Aim of the exercise:
An exact repetition of the data below, without images, is the expected answer.

Raw data:
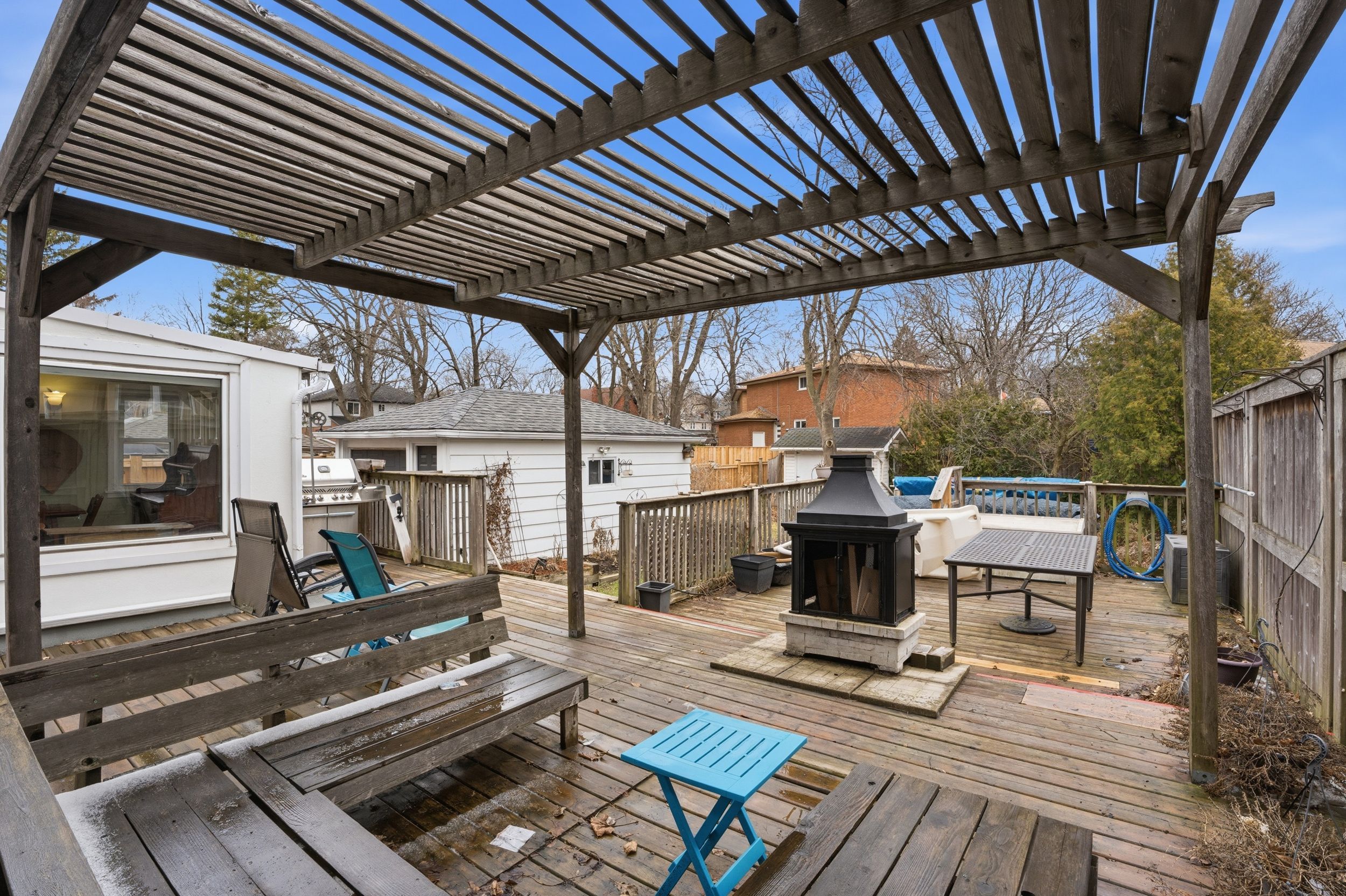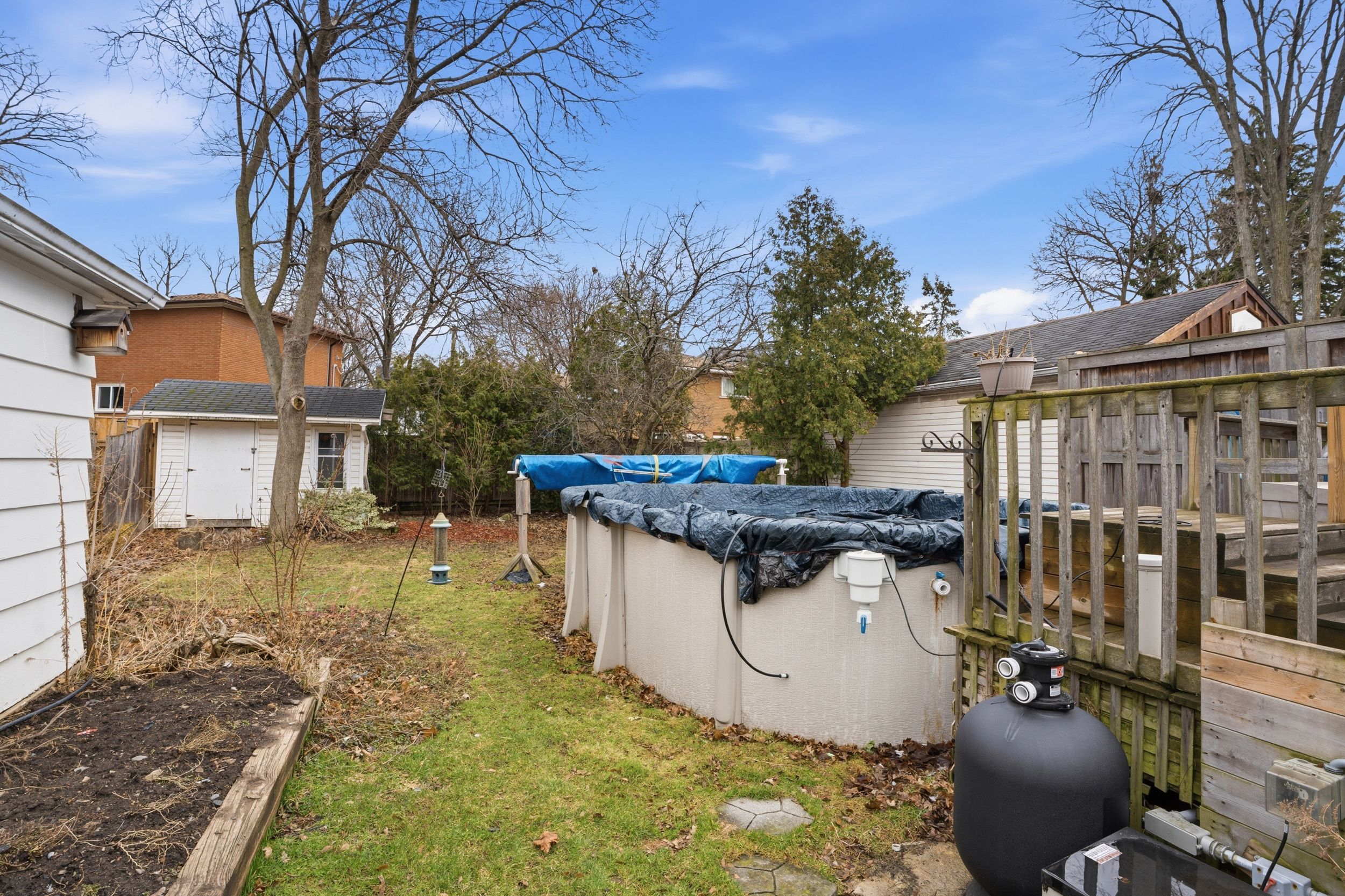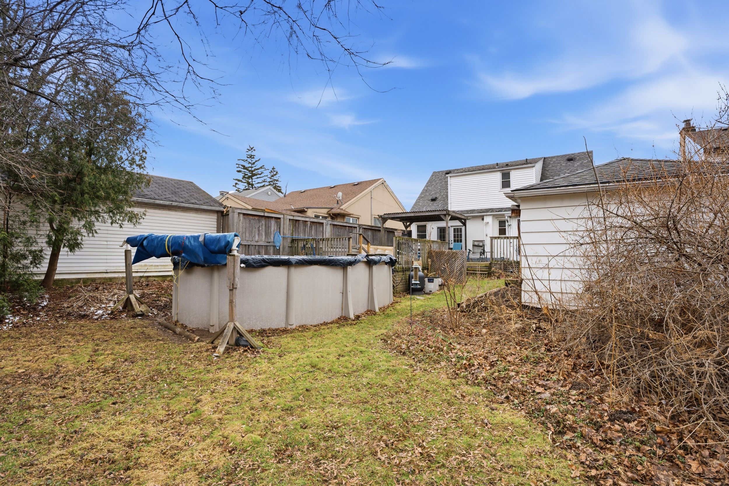 • Private backyard with an expansive deck and above-ground pool.
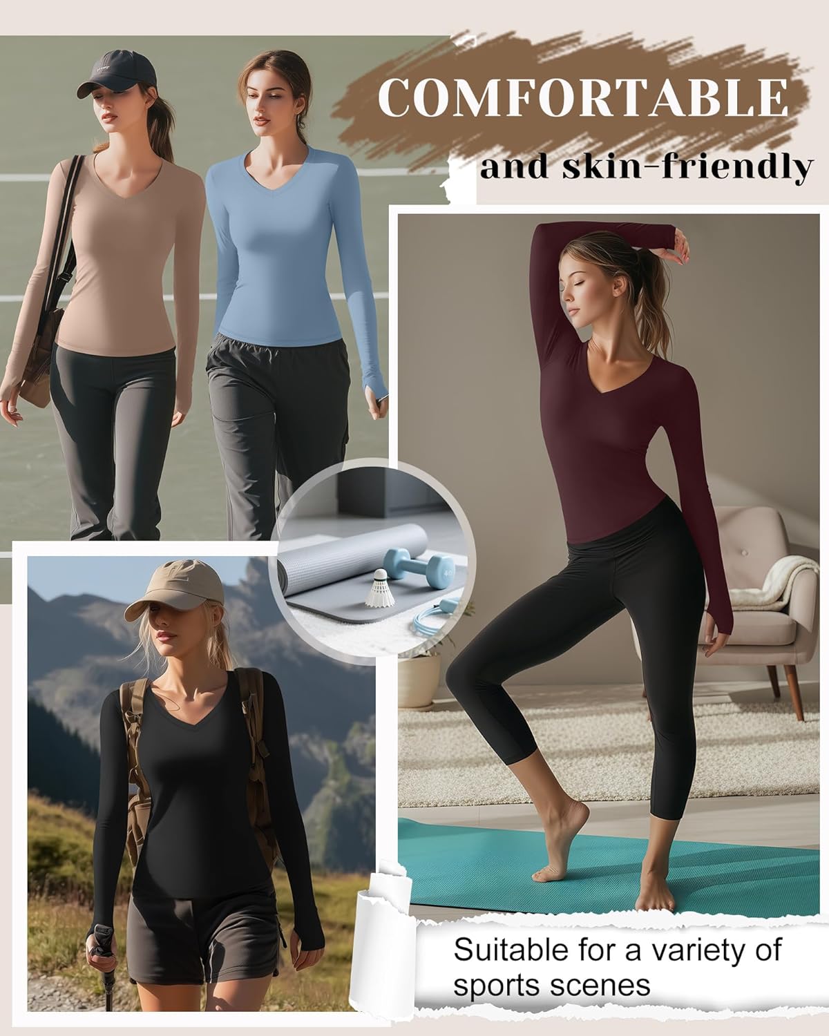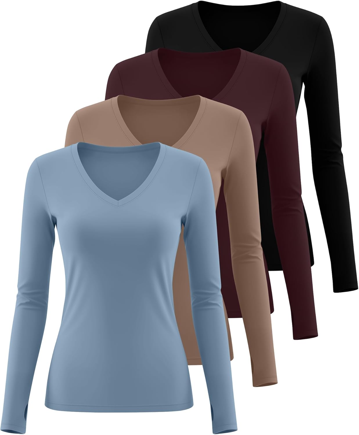 🥾 4 Pack Women’s Compression Yoga Shirts with Thumb Holes Slim Fit Long Sleeve V Neck Tops Workout Gym Athletic Top — Review, Key Features & Current Price
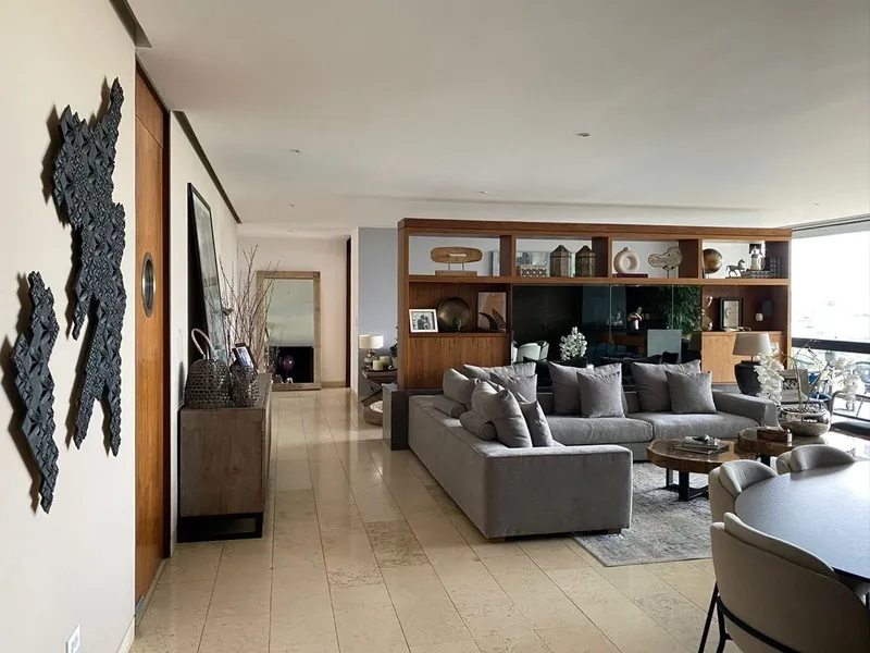 Exclusivo Departamento en Augusta Bosque Real Precio $21,500,000 MXN (No negociable) Ubicado en el corazón de Bosque Real, este impresionante departamento de 340 m² ofrece una vista espectacular al campo de golf de 18 hoyos y está justo al lado de la Casa Club. Con acabados de lujo y un sistema inteligente completamente integrado, esta propiedad es una oportunidad única. Características del Departamento: Área Total: 340 m² (278 m² habitables + 60 m² de terraza) Distribución: 3 recámaras, cada una con baño completo y vestidor Family Room Sala y comedor con acceso directo a la terraza Cocina integral con isla de granito Medio baño de visitas Mueble de blancos Área de lavado Cuarto de servicio con baño completo 3 lugares de estacionamiento 1 bodega Amenidades de la propiedad: Salón de eventos Salón de adultos Sala de yoga Gimnasio Ludoteca Alberca climatizada Roofgarden Cancha de padel Área de mascotas Lago privado Ubicación privilegiada: A solo 2 minutos caminando de la Casa Club de Bosque Real y con acceso rápido a las mejores opciones recreativas y deportivas de la zona. Este departamento se vende semi amueblado, con muebles hechos a la medida, y equipado con tecnología inteligente para brindarte la mayor comodidad. Precio $21,500,000 MXN (No negociable) No dejes pasar esta oportunidad única de vivir en uno de los desarrollos más exclusivos de la zona.

Solution below:
 • Private backyard with an expansive deck and above-ground pool.
 🥾 4 Pack Women’s Compression Yoga Shirts with Thumb Holes Slim Fit Long Sleeve V Neck Tops Workout Gym Athletic Top — Review, Key Features & Current Price
 Exclusivo Departamento en Augusta Bosque Real Precio $21,500,000 MXN (No negociable) Ubicado en el corazón de Bosque Real, este impresionante departamento de 340 m² ofrece una vista espectacular al campo de golf de 18 hoyos y está justo al lado de la Casa Club. Con acabados de lujo y un sistema inteligente completamente integrado, esta propiedad es una oportunidad única. Características del Departamento: Área Total: 340 m² (278 m² habitables + 60 m² de terraza) Distribución: 3 recámaras, cada una con baño completo y vestidor Family Room Sala y comedor con acceso directo a la terraza Cocina integral con isla de granito Medio baño de visitas Mueble de blancos Área de lavado Cuarto de servicio con baño completo 3 lugares de estacionamiento 1 bodega Amenidades de la propiedad: Salón de eventos Salón de adultos Sala de yoga Gimnasio Ludoteca Alberca climatizada Roofgarden Cancha de padel Área de mascotas Lago privado Ubicación privilegiada: A solo 2 minutos caminando de la Casa Club de Bosque Real y con acceso rápido a las mejores opciones recreativas y deportivas de la zona. Este departamento se vende semi amueblado, con muebles hechos a la medida, y equipado con tecnología inteligente para brindarte la mayor comodidad. Precio $21,500,000 MXN (No negociable) No dejes pasar esta oportunidad única de vivir en uno de los desarrollos más exclusivos de la zona.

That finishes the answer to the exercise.